DATASET SECTION below:

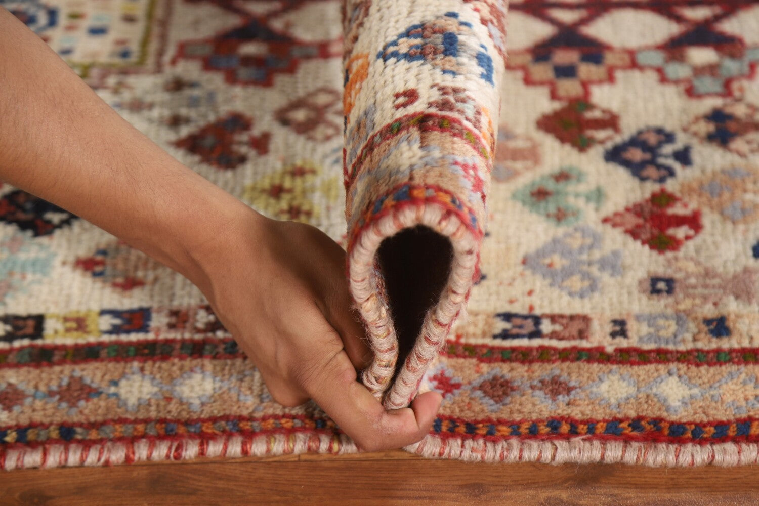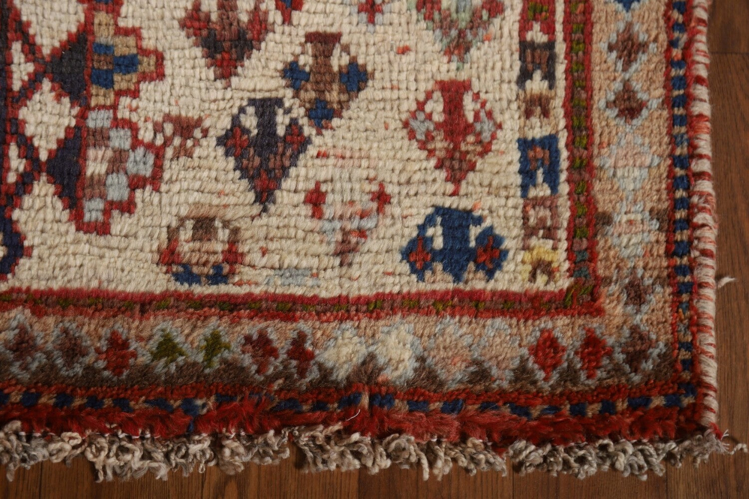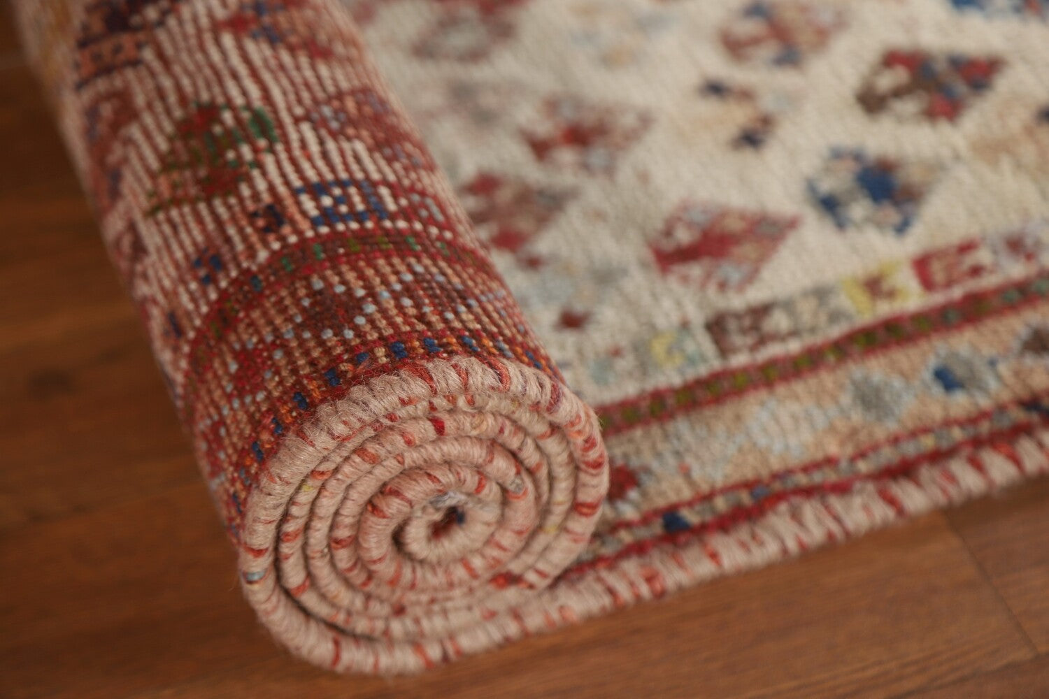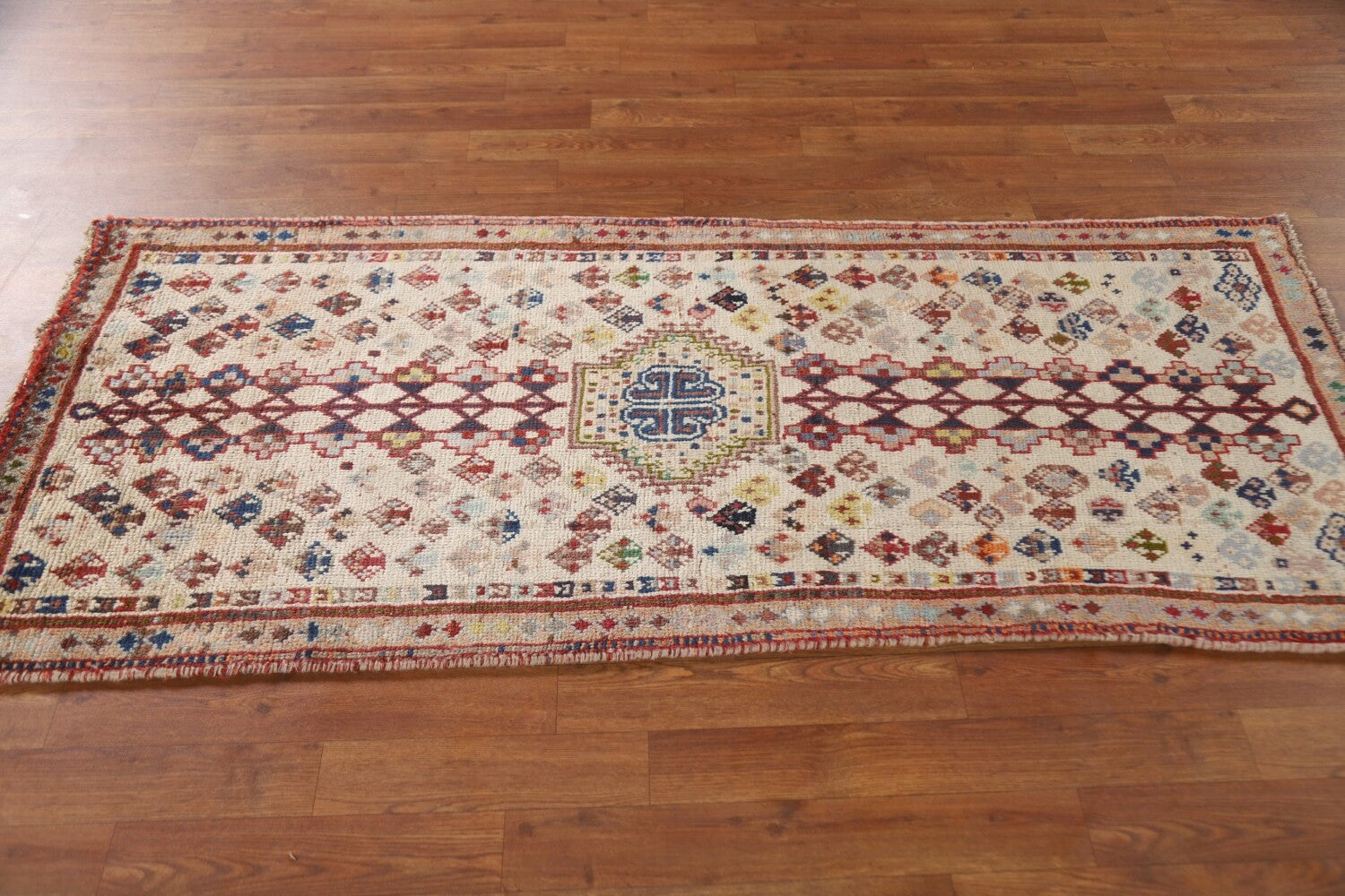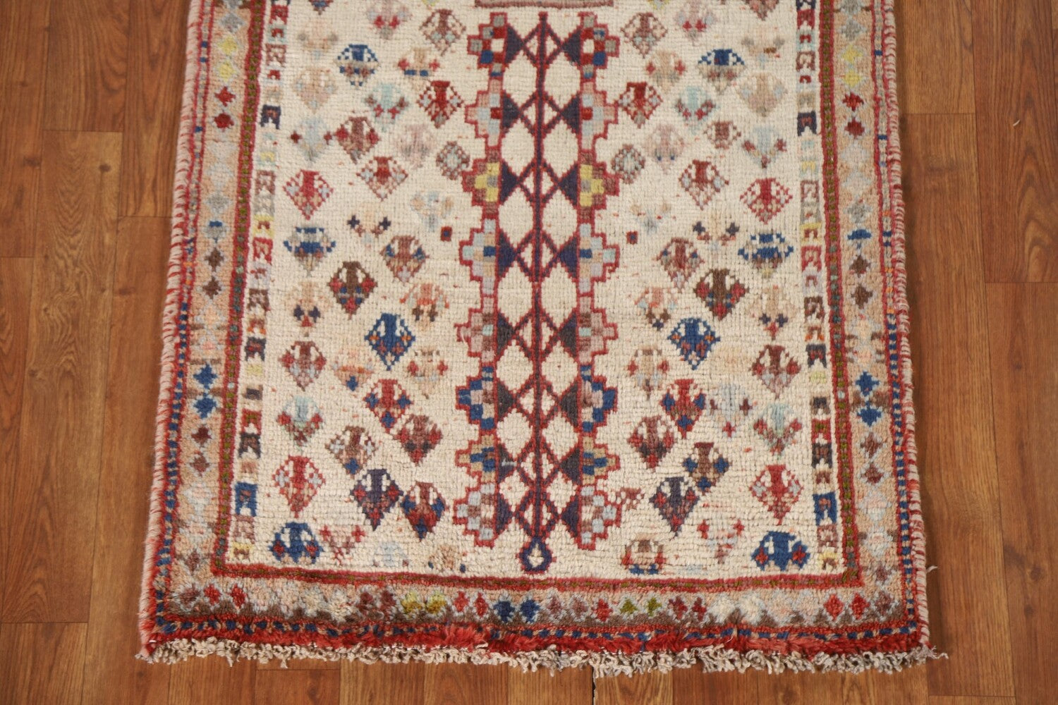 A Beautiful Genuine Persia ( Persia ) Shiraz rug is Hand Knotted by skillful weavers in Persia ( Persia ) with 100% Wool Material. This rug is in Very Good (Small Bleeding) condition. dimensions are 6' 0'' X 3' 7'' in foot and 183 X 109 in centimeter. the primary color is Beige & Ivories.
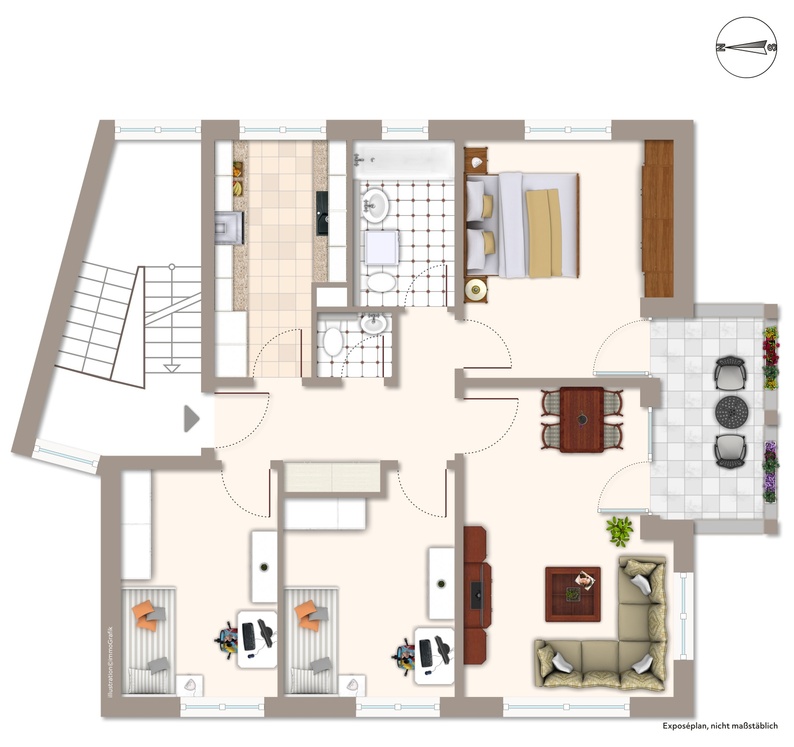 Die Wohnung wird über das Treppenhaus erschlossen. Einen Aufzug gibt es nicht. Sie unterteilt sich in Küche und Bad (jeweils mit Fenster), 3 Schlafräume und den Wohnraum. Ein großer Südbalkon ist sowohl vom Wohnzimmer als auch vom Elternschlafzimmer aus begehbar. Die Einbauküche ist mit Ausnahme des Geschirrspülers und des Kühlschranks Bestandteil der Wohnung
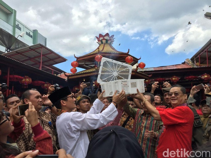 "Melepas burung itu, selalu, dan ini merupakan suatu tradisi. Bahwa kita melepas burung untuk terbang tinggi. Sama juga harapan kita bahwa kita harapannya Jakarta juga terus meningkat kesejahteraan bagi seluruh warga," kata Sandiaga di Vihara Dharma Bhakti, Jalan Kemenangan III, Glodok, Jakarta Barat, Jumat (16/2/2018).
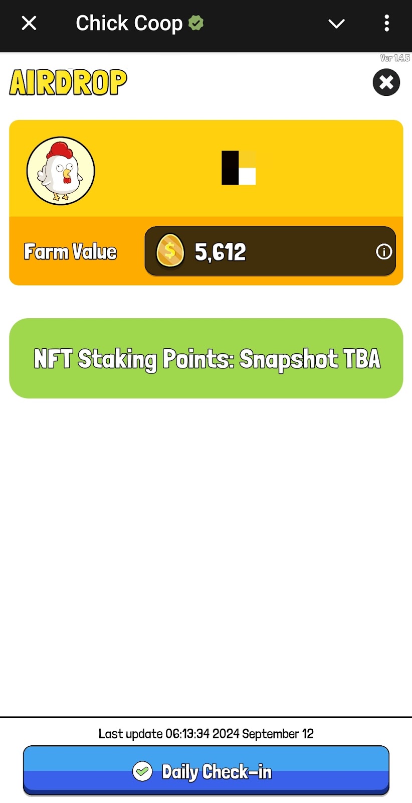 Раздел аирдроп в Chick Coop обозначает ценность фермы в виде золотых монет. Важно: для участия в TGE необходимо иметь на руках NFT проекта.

End of DATASET SECTION.

■ **TRY IT**:
Transcribe the listing above exactly, leaving every picture out.

■ **ANSWER TO THIS EXERCISE**:
 A Beautiful Genuine Persia ( Persia ) Shiraz rug is Hand Knotted by skillful weavers in Persia ( Persia ) with 100% Wool Material. This rug is in Very Good (Small Bleeding) condition. dimensions are 6' 0'' X 3' 7'' in foot and 183 X 109 in centimeter. the primary color is Beige & Ivories.
 Die Wohnung wird über das Treppenhaus erschlossen. Einen Aufzug gibt es nicht. Sie unterteilt sich in Küche und Bad (jeweils mit Fenster), 3 Schlafräume und den Wohnraum. Ein großer Südbalkon ist sowohl vom Wohnzimmer als auch vom Elternschlafzimmer aus begehbar. Die Einbauküche ist mit Ausnahme des Geschirrspülers und des Kühlschranks Bestandteil der Wohnung
 "Melepas burung itu, selalu, dan ini merupakan suatu tradisi. Bahwa kita melepas burung untuk terbang tinggi. Sama juga harapan kita bahwa kita harapannya Jakarta juga terus meningkat kesejahteraan bagi seluruh warga," kata Sandiaga di Vihara Dharma Bhakti, Jalan Kemenangan III, Glodok, Jakarta Barat, Jumat (16/2/2018).
 Раздел аирдроп в Chick Coop обозначает ценность фермы в виде золотых монет. Важно: для участия в TGE необходимо иметь на руках NFT проекта.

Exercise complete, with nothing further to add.